Problem:
Would you output the lines from the one with "Road cut through the Veisari sandstone." through the last line of the material below, exactly, but without pictures?

__________________________________________________

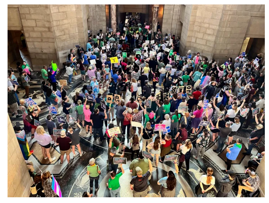
Hundreds of people descended on the Nebraska Capitol on May 16 to protest adding the abortion ban to the transgender health care bill.

The bill as originally written focused on prohibiting transgender people under 19 from having any gender confirmation surgeries. Though Republican lawmakers and conservative media have been raising alarms about such surgeries on minors, they are extremely uncommon. The bill also gives the state's chief medical officer — who is neither an elected official nor a specialist in transgender health care — the power to set regulations on the use of any puberty blockers or hormone treatments for that age group.
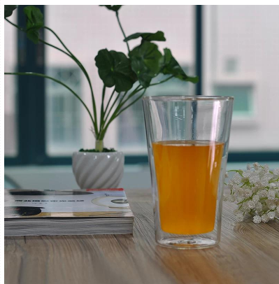
Double wall glass beverage glass
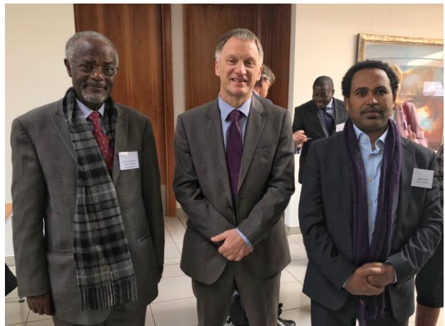
Ambassador Hailemichael (l) with the Scottish Minister for Trade, Investment & Innovation, Ivan McKee MSP and Amare Shumet

The programme included a range of sectors in which Scotland excels, and are considered priorities by many African Governments, such as renewable energy, education, oil and gas and agriculture.
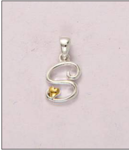
PD1905662T WT: 0.9 gm
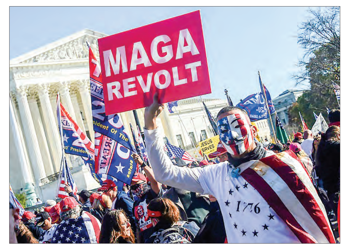
Trump supporters were disillusioned with Fox News, which they believe was wrong to make the outgoing president's defeat official and failed to support him enough.

Herring told AFP that former Fox viewers have written to OAN to express their frustration over the network's apparent leftward turn. Trump himself has encouraged followers to switch to OAN and Newsmax, saying he considered "the biggest difference" between the 2016 election and 2020 was Fox's stance.
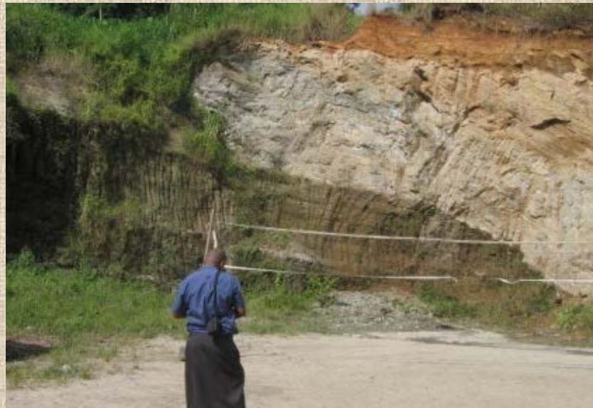
Road cut through the Veisari sandstone.
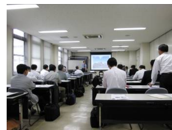
Japan Institute of Navigation, 126th Seminar and Study Meeting, Ocean Engineering Research Group

The following is a list of some of the seminars JTSB lecturers were dispatched in 2012.
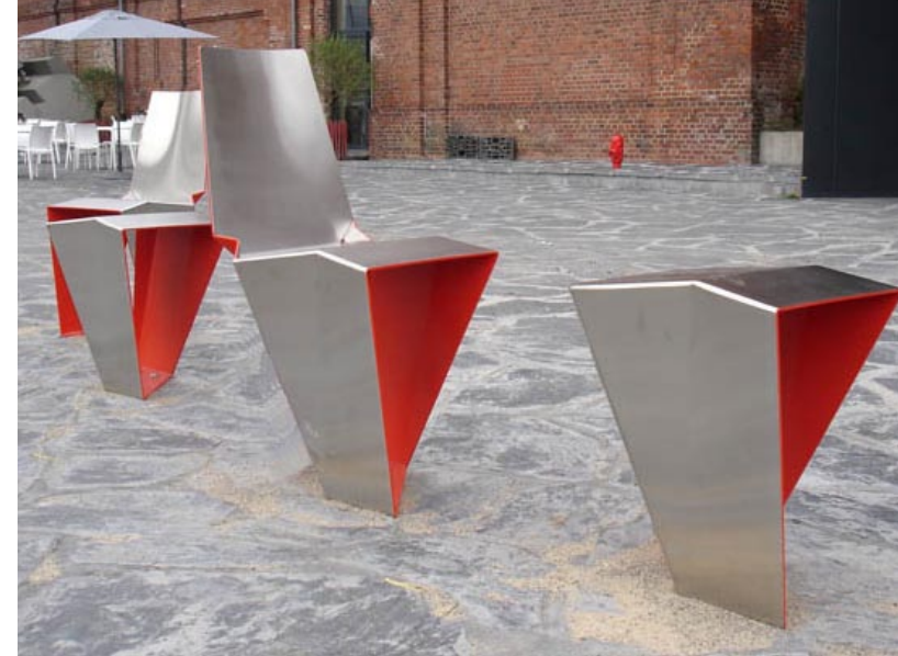
Single Scatter furniture on C-Mine square in Genk

__________________________________________________

Task output:
Road cut through the Veisari sandstone.
Japan Institute of Navigation, 126th Seminar and Study Meeting, Ocean Engineering Research Group

The following is a list of some of the seminars JTSB lecturers were dispatched in 2012.
Single Scatter furniture on C-Mine square in Genk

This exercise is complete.